▸ **To do**: Each entry below must be repeated exactly. Leave the pictures out of it.
(The records begins)
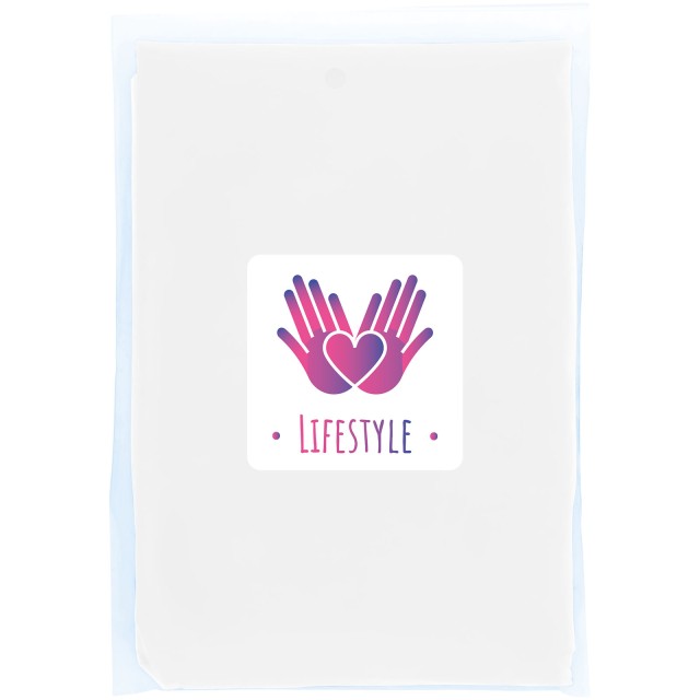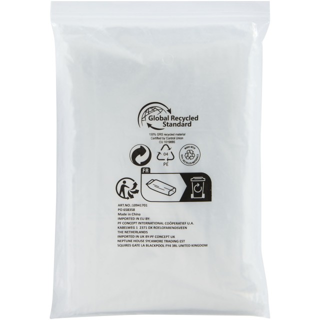 Pončo Mayan je jednorázové pončo do deště univerzální velikosti vyrobené ze 100 % GRS certifikovaného plastu. Toto průhledné pončo s kapucí je ideální mít k dispozici, když vás zastihne bouřka během venkovního festivalu nebo jakékoli jiné venkovní akce. Dodáváno s pouzdrem, které je vhodné pro nanesení potisku. Velikost: 90 x 120 cm.
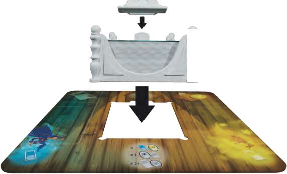Since the Dream Cards are double-sided, shuffle them thoroughly (by rotating and/ or flipping them) and place them on the Bed. Place the Headboard to cover one of the two Elements. Covered Elements are not used during the game.
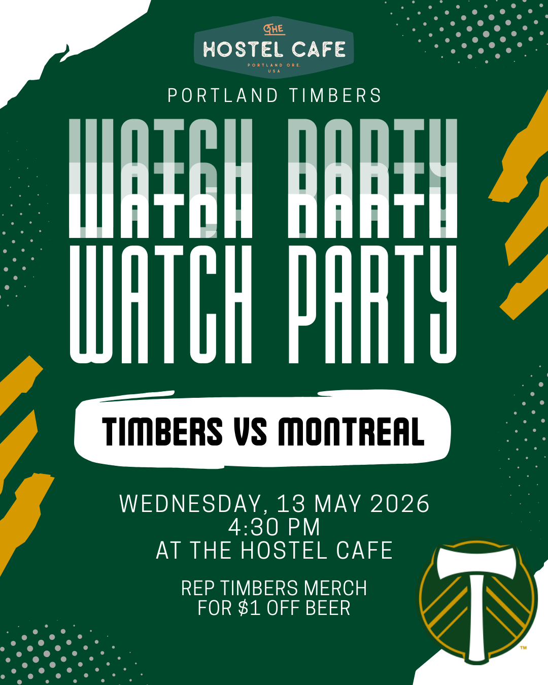 Join us at The Hostel Cafe to watch the Portland Timbers vs. Montréal match live. Grab a meal, enjoy a cold beer, and cheer on your favorite soccer team with fellow fans. The match will be shown in our commons and, weather permitting, in the courtyard, so you won’t miss a minute of the action.
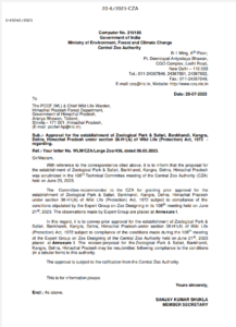 हिमाचल प्रदेश में बड़ा चिड़ियाघर स्थापित करने के लिए केन्द्रीय चिड़ियाघर प्राधिकरण (सी. जेड. ए.) से मिली पूर्व स्वीकृति।
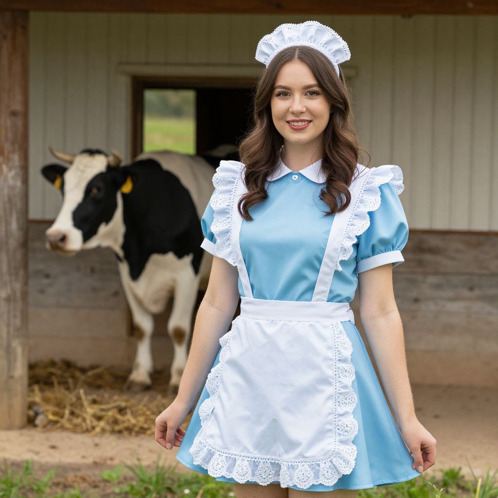 Photograph of a smiling brunette woman in a blue and white maid outfit with lace trim, standing in front of a black-and-white cow in a rustic
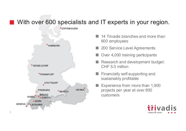 - 3. COPENHAGEN MUNICH LAUSANNE BERN ZURICH BRUGG GENEVA HAMBURG DÜSSELDORF FRANKFURT STUTTGART FREIBURG BASEL VIENNA With over 600 specialists and IT experts in your region. 14 Trivadis branches and more than 600 employees 200 Service Level Agreements Over 4,000 training participants Research and development budget: CHF 5.0 million Financially self-supporting and sustainably profitable Experience from more than 1,900 projects per year at over 800 customers 3
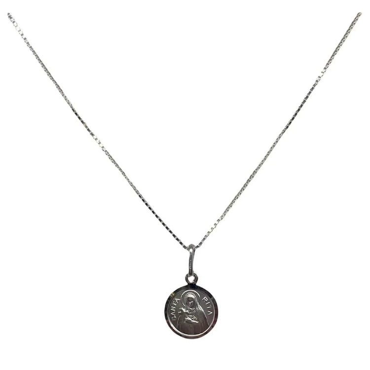 ✨ Elegante collana con medaglia raffigurante Santa Rita realizzata in oro bianco 18 carati, un gioiello devozionale di straordinaria raffinatezza. Ogni medaglia è creata a mano dal nostro maestro orafo umbro, che unisce la tradizione orafa secolare alla devozione per la Santa dei casi impossibili.
(The records ends)
▸ **Reply**:
 Pončo Mayan je jednorázové pončo do deště univerzální velikosti vyrobené ze 100 % GRS certifikovaného plastu. Toto průhledné pončo s kapucí je ideální mít k dispozici, když vás zastihne bouřka během venkovního festivalu nebo jakékoli jiné venkovní akce. Dodáváno s pouzdrem, které je vhodné pro nanesení potisku. Velikost: 90 x 120 cm.
Since the Dream Cards are double-sided, shuffle them thoroughly (by rotating and/ or flipping them) and place them on the Bed. Place the Headboard to cover one of the two Elements. Covered Elements are not used during the game.
 Join us at The Hostel Cafe to watch the Portland Timbers vs. Montréal match live. Grab a meal, enjoy a cold beer, and cheer on your favorite soccer team with fellow fans. The match will be shown in our commons and, weather permitting, in the courtyard, so you won’t miss a minute of the action.
 हिमाचल प्रदेश में बड़ा चिड़ियाघर स्थापित करने के लिए केन्द्रीय चिड़ियाघर प्राधिकरण (सी. जेड. ए.) से मिली पूर्व स्वीकृति।
 Photograph of a smiling brunette woman in a blue and white maid outfit with lace trim, standing in front of a black-and-white cow in a rustic
 - 3. COPENHAGEN MUNICH LAUSANNE BERN ZURICH BRUGG GENEVA HAMBURG DÜSSELDORF FRANKFURT STUTTGART FREIBURG BASEL VIENNA With over 600 specialists and IT experts in your region. 14 Trivadis branches and more than 600 employees 200 Service Level Agreements Over 4,000 training participants Research and development budget: CHF 5.0 million Financially self-supporting and sustainably profitable Experience from more than 1,900 projects per year at over 800 customers 3
 ✨ Elegante collana con medaglia raffigurante Santa Rita realizzata in oro bianco 18 carati, un gioiello devozionale di straordinaria raffinatezza. Ogni medaglia è creata a mano dal nostro maestro orafo umbro, che unisce la tradizione orafa secolare alla devozione per la Santa dei casi impossibili.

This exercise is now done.